- Tom Groggin
- Tom Groggin
- Coordinates: 36°32′09″S 148°05′51″E﻿ / ﻿36.535775°S 148.097589°E
- Country: Australia
- State: Victoria
- LGA: Towong Shire;

Government
- • State electorate: Benambra;
- • Federal division: Indi;

Population
- • Total: 7 (SAL 2021)
- Postcode: 3707
Suburbs around Tom Groggin
| Nariel Valley | Geehi (NSW) | Kosciuszko National Park (NSW) |
| Nariel Valley | Tom Groggin | Kosciuszko National Park (NSW) |
| Benambra | Cobberas | Kosciuszko National Park (NSW) |

= Tom Groggin =

Tom Groggin is a rural locality in north-eastern Victoria, Australia, located within the Towong Shire. It lies near the border with New South Wales along the upper Murray River.

Although access is most commonly via roads through New South Wales, including from Khancoban, Tom Groggin is officially situated in Victoria and administered by Towong Shire Council.

== Geography ==
Tom Groggin is located in the Victorian High Country within the Australian Alps, adjacent to Kosciuszko National Park and close to the headwaters of the Murray River. The landscape consists of alpine terrain, river flats and forested areas.

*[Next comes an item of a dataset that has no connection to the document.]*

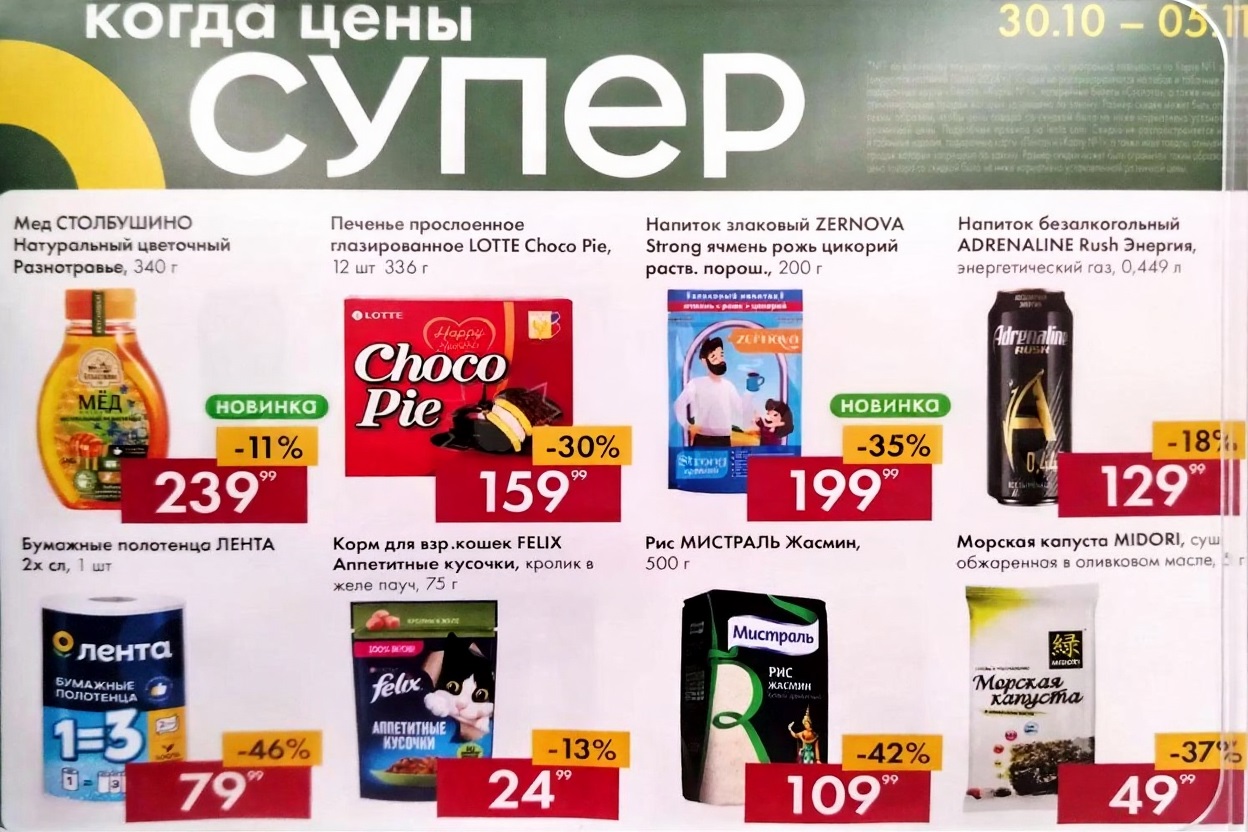 Выгодные предложения на мед Столбушино, бумажные полотенца, энергетик, корм для кошек. Скидки на печенье, напиток злаковый, рис. Акция по Карте №1

Prominent nearby features include Mount Pinnibar, one of the highest peaks in Victoria, and Walker's Lookout, which provides views across the Murray River valley and surrounding alpine landscape.

The locality is sparsely populated and contains no major township.

== History ==
Tom Groggin originated as a pastoral run during the expansion of European settlement in the mid-19th century, with grazing remaining a primary land use.

The broader region is associated with the history of alpine cattlemen and stock routes. Nearby areas are linked to stockman Jack Riley, considered an inspiration for Banjo Paterson's poem The Man from Snowy River.

== Land use and recreation ==
Land use in Tom Groggin is primarily grazing and outdoor recreation. The area is a recognised destination for four-wheel driving, bushwalking and hiking, particularly due to its proximity to alpine tracks and river crossings. Camping and fishing along the Murray River are also common activities.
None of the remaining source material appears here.